Web Crawler
In this section, we present how to use a web crawler within MindsDB.
A web crawler is an automated script designed to systematically browse and index content on the internet. Within MindsDB, you can utilize a web crawler to efficiently collect data from various websites.
Prerequisites
Before proceeding, ensure the following prerequisites are met:
- Install MindsDB locally via Docker or Docker Desktop.
- To use Web Crawler with MindsDB, install the required dependencies following this instruction.
Connection
This handler does not require any connection parameters.

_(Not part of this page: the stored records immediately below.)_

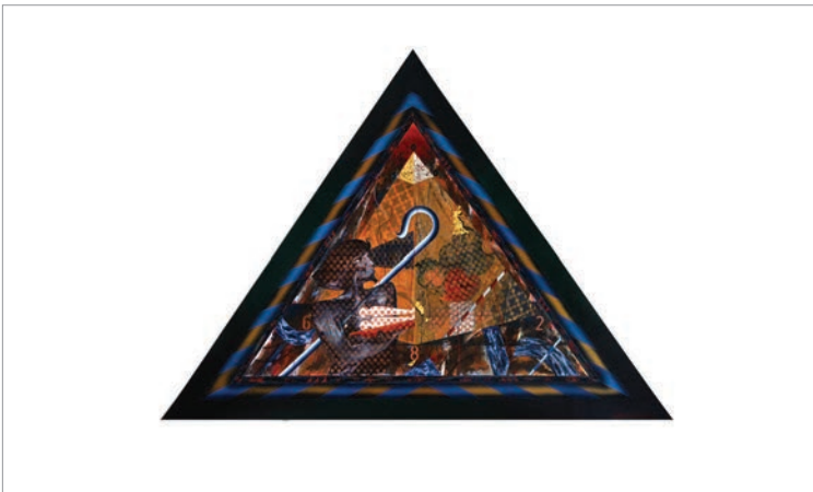
Lamina No. 42 Testimonio de Aponte , 2019. Técnica Mixta/Cartoncillo, 104 x 84 cm. Cortesía de la artista.

Su pieza se inspira en el testimonio que dio Aponte sobre su lámina no. 42, que representa las pirámides de Egipto. Arrate intenta recrear lo que narró Aponte, recontextualizando y apropiándose del ambiente faraónico con la simetría y la síntesis de las formas que tan magistralmente aplicaron los egipcios en su vida cotidiana. Ubica en su obra las tres grandes pirámides una dentro de la otra con una geometría perfecta. La textura almenada simboliza la cercanía y las mezclas de las civilizaciones que conviven y se conectan en espacio y tiempo. El pan de oro de tonos azules y metálicos representa la suntuosidad y la riqueza de esa civilización; los números y las líneas rectas y circulares se vinculan al conocimiento matemático y al dominio de las proporciones exactas con las que se calcularon y erigieron esas magníficas edificaciones que han llegado hasta nuestros días. Con el uso de materiales y herramientas contemporáneas intenta traer a nuestro tiempo el lenguaje y el legado de esa civilización y, a la vez, traducir desde su óptica el pensamiento de Aponte.
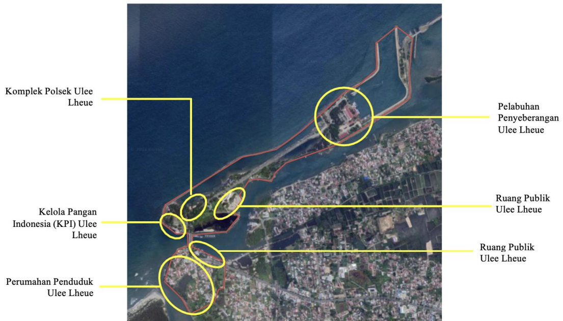
Gambar 2. Identifikasi Area Komersil Penggunaan Tanah Pada Kawasan Peri Urban Ulee Lheue.

Mengembangkan dan menumbuhkan kota pada arah tertentu memiliki faktor perkembangan maupun pertumbuhan pola yang mempengaruhinya [13] : (1) dari segi faktor manusia, yaitu meliputi bagaimana pertumbuhan jumlah penduduk perkotaan baik disebabkan oleh angka kelahiran maupun karena jumlah urbanisasi yang terjadi, selanjutnya meliputi perkembangan, status sosial, perkembangan tenaga pekerjaan dan perkembangan kemampuan pengetahuan dan serta teknologi; (2) dari segi faktor aktifitas manusia, yaitu meliputi segala bentuk kegiatan perekonomian, kegiatan fungsional, kegiatan kerja dan kegiatan hubungan regional yang lebih luas; (3) dari segi faktor pola pergerakan, yaitu meliputi dampak yang disebabkan oleh kedua faktor antara faktor perkembangan penduduk dengan faktor perkembangan fungsi kegiatan yang menuntut pola hubungan antara pusat-pusat kegiatan terjadi.
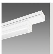
6605 Techno System - difusor semiesférico extensivo - CRI 90
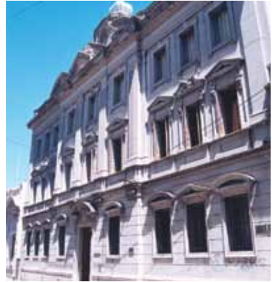
La Facultad de Humanidades fue sede de los talleres de orientación laboral.

alumnos del último año y a las tesis de las carreras Licenciatura en Psicología y Licenciatura en Psicopedagogía, dictadas ambas en nuestra Facultad de Humanidades "Teresa de Ávila".
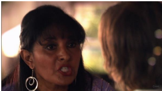
Figura 63. The L Word (2004-2009) – excerto 11

A situação descrita nesta citação apresenta paralelismos com a conversa entre Max e Kit (Pam Grier), (excerto 11, figuras 63 e 64).
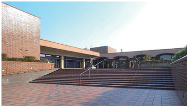
福岡市美術館 1979年オープン 2019年リニューアル
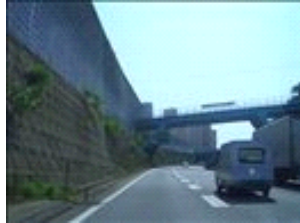
看板が見えたら、登坂車線（一番左）へ寄って下さい。車間距離を空け、ゆっくりどうぞ

高丸ICを下りて右側に寄っておきます。出て直ぐの交差点を大きく右折。直後の「高丸西」交差点を左折。道なりに真っ直ぐ下っていきます（約1.4Km）。突き当たりの丁字路「多門町大門」を左折。第二神明の高架を越えて約200m先のの交差点「南多聞台口」を右折。道なりに真っ直ぐ登って約360mで正面に焼肉亭の看板が見えます。道路を挟んで看板側（向かって右手）は駐車場、向かって左手側が『焼肉亭垂水店』となっております。（駐車場は店舗前にもございますが、少々区画が狭いので、大き目のお車の場合は右手駐車場が宜しいと思います）

Here is how to initialize a web crawler:
CREATE DATABASE my_web
WITH ENGINE = 'web';
The above query creates a database called my_web
. This database by default has a table called crawler
that we can use to crawl data from a given url/urls.
Usage
Specifying a LIMIT
clause is required. To crawl all pages on a site, consider setting the limit to a high value, such as 10,000, which exceeds the expected number of pages. Be aware that setting a higher limit may result in longer response times.
Get Websites Content
The following usage examples demonstrate how to retrieve content from docs.mindsdb.com
:
SELECT *
FROM my_web.crawler
WHERE url = 'docs.mindsdb.com'
LIMIT 1;
You can also retrieve content from internal pages. The following query fetches the content from 10 internal pages:
SELECT *
FROM my_web.crawler
WHERE url = 'docs.mindsdb.com'
LIMIT 10;
Another option is to get the content from multiple websites by using the IN ()
operator:
SELECT *
FROM my_web.crawler
WHERE url IN ('docs.mindsdb.com', 'docs.python.org')
LIMIT 1;
Get PDF Content
MindsDB accepts file uploads of csv
, xlsx
, xls
, sheet
, json
, and parquet
. However, you can also configure the web crawler to fetch data from PDF files accessible via URLs.
SELECT *
FROM my_web.crawler
WHERE url = '<link-to-pdf-file>'
LIMIT 1;
Troubleshooting
Web crawler encounters character encoding issues
- Symptoms: Extracted text appears garbled or contains strange characters instead of the expected text.
- Checklist:
- Open a GitHub Issue: If you encounter a bug or a repeatable error with encoding, report it on the MindsDB GitHub repository by opening an issue.
Web crawler times out while trying to fetch content
- Symptoms: The crawler fails to retrieve data from a website, resulting in timeout errors.
- Checklist:
- Check the network connection to ensure the target site is reachable.